Meditating on a wall at sunrise--or at sunset, or at any other time of the day or night--on a beach, on a park bench, sitting crosslegged on a pillow in your living room, or out on the porch before bedtime standing in the night air underneath the stars:  not everyone who meditates joins an ashram or practices yoga or necessarily ascribes to the mindset commonly perceived as associated with the word 'meditation.' 

Sometimes you just fall into it, accidentally.  You're in a doctor's office waiting your turn, you're on a bus stuck in traffic, you're at your kitchen table looking out the window, and you shut your eyes, get very still, block out everything around you.  You begin to become aware of your breathing, you sense the 'self' emptying out of you, and that you're slowly entering into ... nothingness.  This was my introduction to meditation, before I had a name for it, before I learned that millions of people all over the world do this exact same thing, not just accidentally but intentionally; and not just occasionally, but routinely, and reap enormous benefits from it.  I have to thank Rishi O., again, for reminding me, through his photograph of those people on that wall, just how universal is this need to connect with the life forces of the universe.

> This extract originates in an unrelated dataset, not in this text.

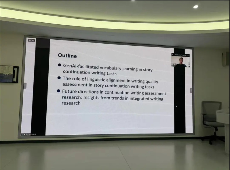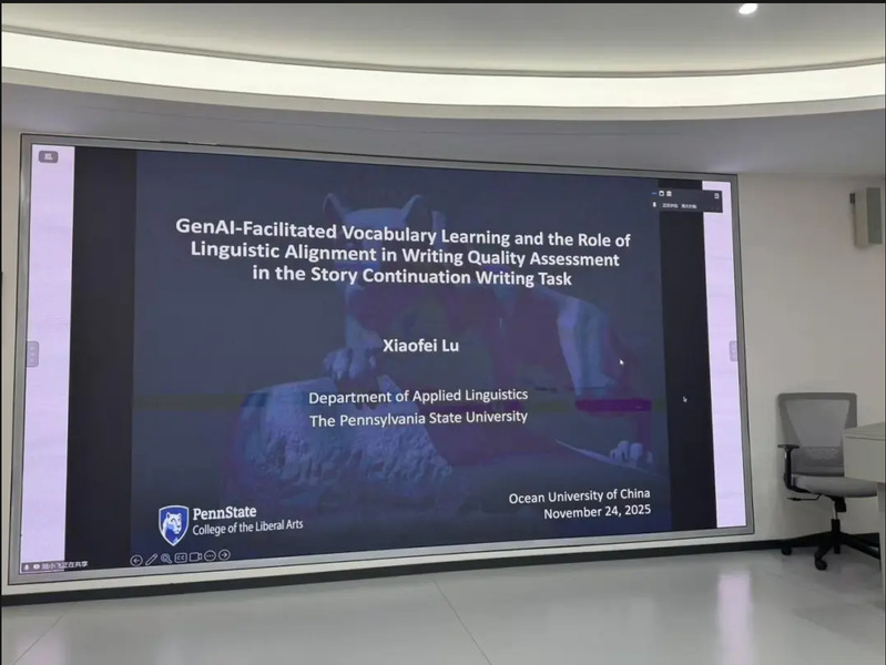 11月24日上午,中国海洋大学外国语学院举办“生成式人工智能辅助的词汇学习与语言协同在读后续写任务写作质量评估中的作用”学术沙龙。本次沙龙特邀中国海洋大学特聘教授、美国宾夕法尼亚州立大学博士生导师陆小飞教授担任主讲,由外国语学院陈颖教授主持。

Images that ... draw you like a magnet, that elicit forgotten memories, that hold you, just for a moment, frozen in time and space.  This photograph did that for me.  As did the one with the woman walking "into" the ocean.  (Notice it's not walking "to" the ocean--Rishi labeled it walking "into" the ocean, as if she's intending to become one with it.)

Well, glad to have met you, Rishi, if only thru the Internets [sic intended].  :)  And thank you for allowing me to share your photographs on this blog.  And for reminding me what it feels like to be on a stone wall in the wee, early hours of the morning, waiting for the sun to pop up behind the mountains, breathing in the fresh, brisk air, meditating (in this case it was Vermont, many years ago, and there was only one other person on the wall, instead of 20).

One of the tangible benefits I neglected to mention, of such endeavors:  unexplained ... happiness.